INFORMATION SUPPLIED START
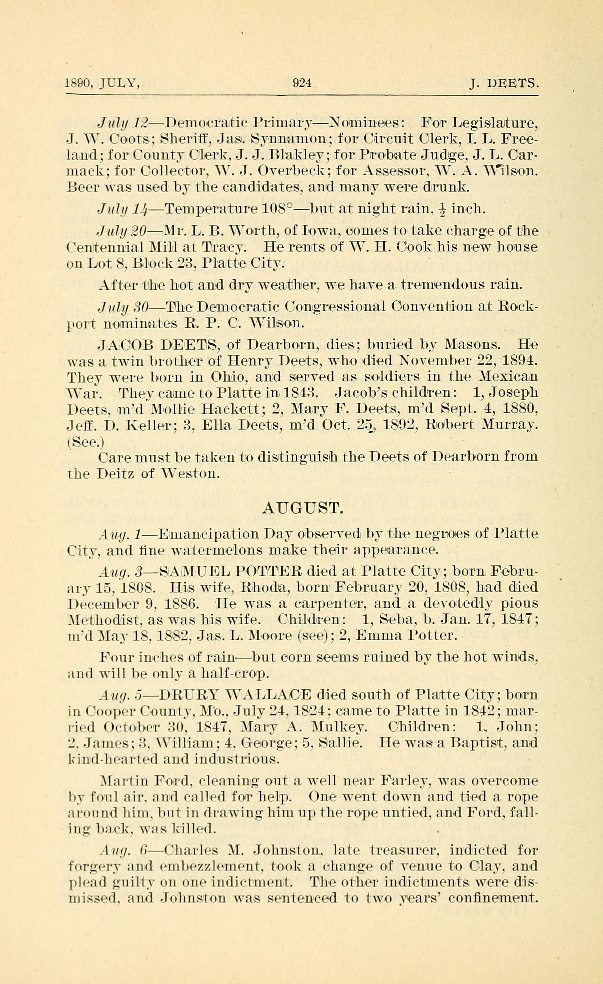 .1 ug. 3SA~)IUEL POTTER died at Platte City; born Febru-
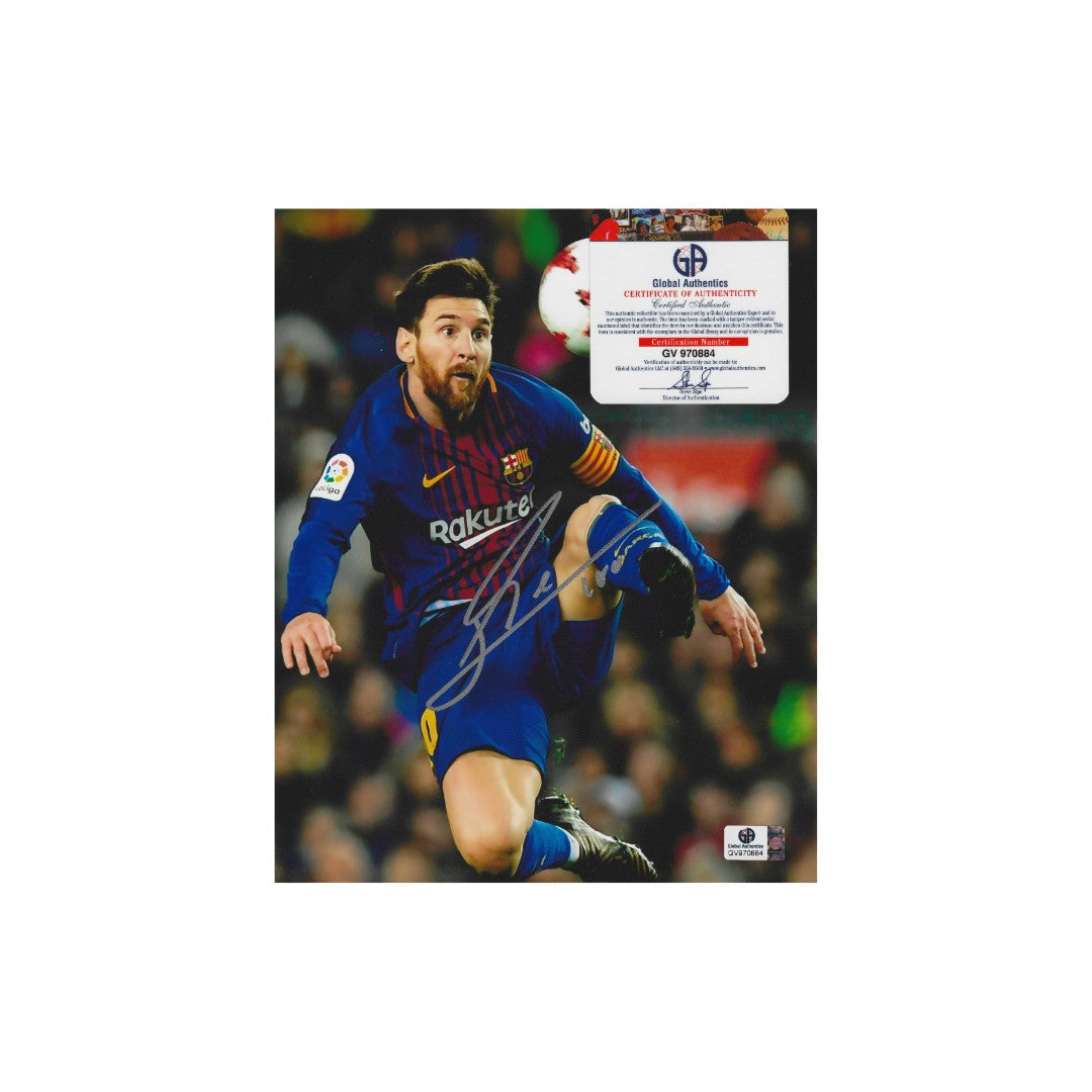 This is a remarkable 8x10 photograph of Lionel Messi, the legendary forward who made history during his time at FC Barcelona. The photo is not just a simple image; it has been personally autographed by Messi himself, adding a unique touch that makes it a prized possession for any fan or collector. Accompanying the photo is a certificate of authenticity (coa), which verifies that the signature is genuine, ensuring that you are getting a true piece of sports memorabilia. Whether displayed in a frame or kept in a collection, this autographed photo captures a moment in time from one of the greatest players in football history, making it a perfect gift for any admirer of the sport or a fantastic addition to your own collection.
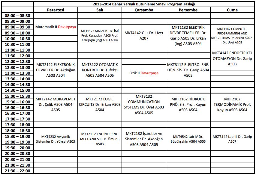 Mekatronik Mühendisliği tarafından verilen dersler dışındaki tüm derslerin (temel dersler, havuz dersleri veya seçmeli dersler) sınav bilgilerine ilgili bölümlerin sayfalarından ulaşabilirsiniz.
INFORMATION SUPPLIED END
--- PROBLEM DESCRIPTION ---
Give back the whole listing exactly, without pictures.

--- SOLUTION BELOW ---
 .1 ug. 3SA~)IUEL POTTER died at Platte City; born Febru-
 This is a remarkable 8x10 photograph of Lionel Messi, the legendary forward who made history during his time at FC Barcelona. The photo is not just a simple image; it has been personally autographed by Messi himself, adding a unique touch that makes it a prized possession for any fan or collector. Accompanying the photo is a certificate of authenticity (coa), which verifies that the signature is genuine, ensuring that you are getting a true piece of sports memorabilia. Whether displayed in a frame or kept in a collection, this autographed photo captures a moment in time from one of the greatest players in football history, making it a perfect gift for any admirer of the sport or a fantastic addition to your own collection.
 Mekatronik Mühendisliği tarafından verilen dersler dışındaki tüm derslerin (temel dersler, havuz dersleri veya seçmeli dersler) sınav bilgilerine ilgili bölümlerin sayfalarından ulaşabilirsiniz.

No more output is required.